I think there’s a lot of work to be done in talking about male body variety, especially for plus sized men and make the effort to shift the narrative to something that makes it more acceptable to be comfortable in their own skin. I would love to see a male version of Belly Songs , where we not only discuss the reclamation of male fat bodies but also talk about male queerness and fatness, because that’s another layer of dynamics that could’ve been its own discussion topic. Either way, my conclusion is that there’s a lot of ground to be covered here in regards to the male fat experience.

8 thoughts on “MALE PATTERN FATNESS”

  1. Thank you for this post! As as female identifying person, I read and thought about Susan Stinson’s Belly Songs from only a female point of view. But you’re right, we absolutely need to think about body shaming and body positivity from the perspective of other genders as well. I’m a little ashamed at myself for not thinking about these poems from a non-female perspective. Thank you for sharing some of your own experiences and allowing me to think about Belly Songs from the point of view of someone who is not female.

    1. Gotta start somewhere. I think it’s ok to not have to think about everyone’s experiences all at once, but process them one at a time.

  2. Hi! I definitely agree with you that there is a lot that needs to change about appearances concerning women and men. While Stinson’s piece did focus on the negativity associated with women’s weight, men are also just as ridiculed and targeted. It seems that the overarching issue is society’s definition of fat and the desire to be stick thin. Size should not be the defining feature of a person.

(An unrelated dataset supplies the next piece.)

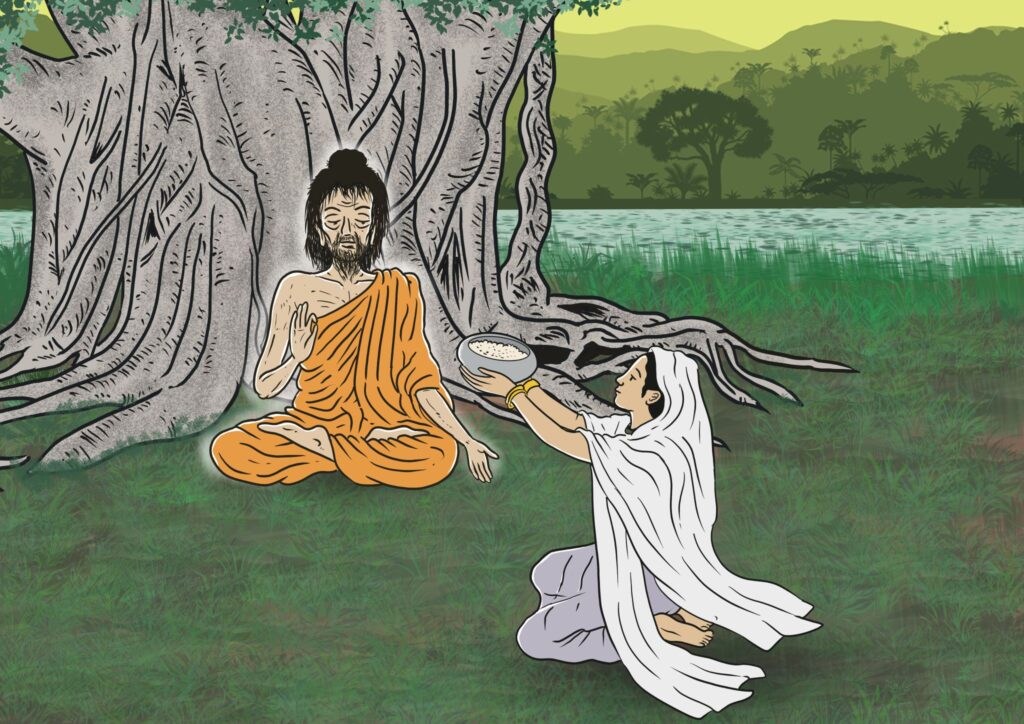 Sujata offering food to a famished Siddhattha. Artwork by Colin Goh.

    1. Absolutely agreed! I think it’s very important we start looking past size, but so much of the cultural conversation around appearances is often size or race first.

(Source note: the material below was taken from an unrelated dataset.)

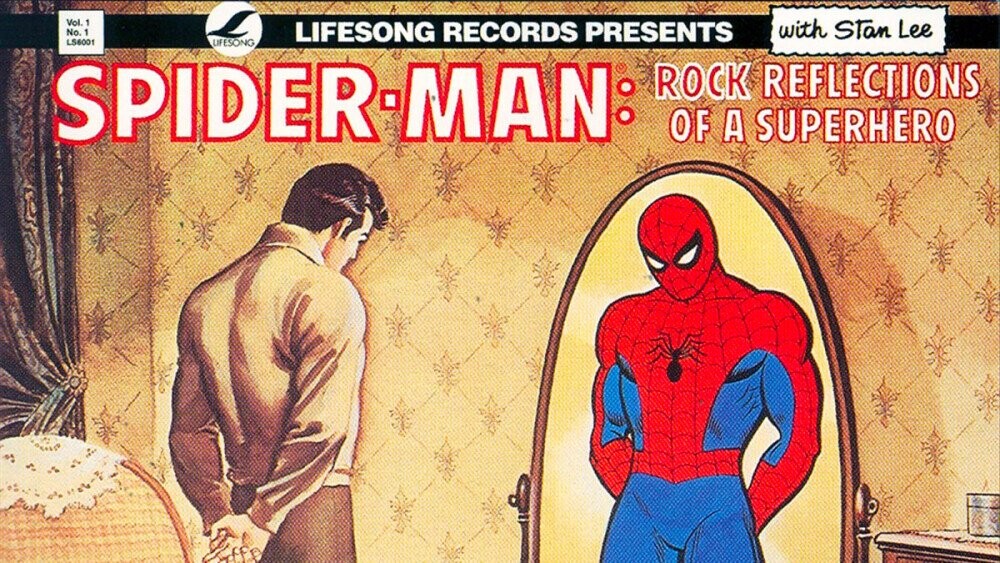 Then, in the same year, Marvel's first fully backed album arrived. The Amazing Spider-Man: From Beyond The Grave: A Rockomic (you know it's a bitchin' rock-opera because it has two colons) was created by fictional superband frontman Ron Dante of The Archies. The album is a full-on musical that has a rock-god Spidey who, ahem, "makes all the little girls sigh."

  3. hi!! this was a really well-written and interesting blog post. I fully agree that men are left out of the body-positivity movement and that the male fat experience is totally different from the female experience. I think a huge issue with this is that the mainstream body-positivity movement focuses on the idea of beauty instead of body neutrality(focusing on what the body can do for us, rather than what it looks like). With the way that our society correlates beauty with femininity, the body-positivity movement is inherently gendered and could feel exclusionary to anyone who does not align themselves with femininity. It makes me so sad that young men have to experience body-shaming and fatphobia without at least some semblance of a supportive community and I think that the body-positivity movement must become more neutral and inclusive.

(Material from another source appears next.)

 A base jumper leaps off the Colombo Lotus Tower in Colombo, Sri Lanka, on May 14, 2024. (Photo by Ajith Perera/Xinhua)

    1. Yes! A lot of appearance-related conversations are centered on a (typically cis, typically white) version of femininity and it’s very hard to get to speak about men in that conversation. Queer men at least are able to break some barriers and overlap in some areas with women because of societal standards for them, but it’s also really bad that cis men don’t really engage or get left out of these conversations entirely.

  4. Hi! I really appreciate this perspective on Stinson’s work and your own perspective of it. I agree that men are often left out of the body-positivity movement and also that there is a lack of positive representation for fat men, and would love to see a change in this representation. Body image and similar issues are rarely seen as “men’s issues,” especially when considering the underdiagnosis of men with eating disorders because they don’t fit the “look” of someone with disordered eating. I also think part of this is caused by predominately male spaces, such as sports teams like wrestling that enforces different regimes for teen boys to either rapidly gain or lose weight. I hope that moving forward men are more included in the body positivity movement and gain representation of characters who are not fat for the sake of a joke.

    1. Wholly agreed! I am tired of male spaces embracing this toxic culture of appearances when it is absolutely anti-inclusive and treats a whole group of men like crap because of their appearance and nothing else. We need better depictions of fat men that have depth to them.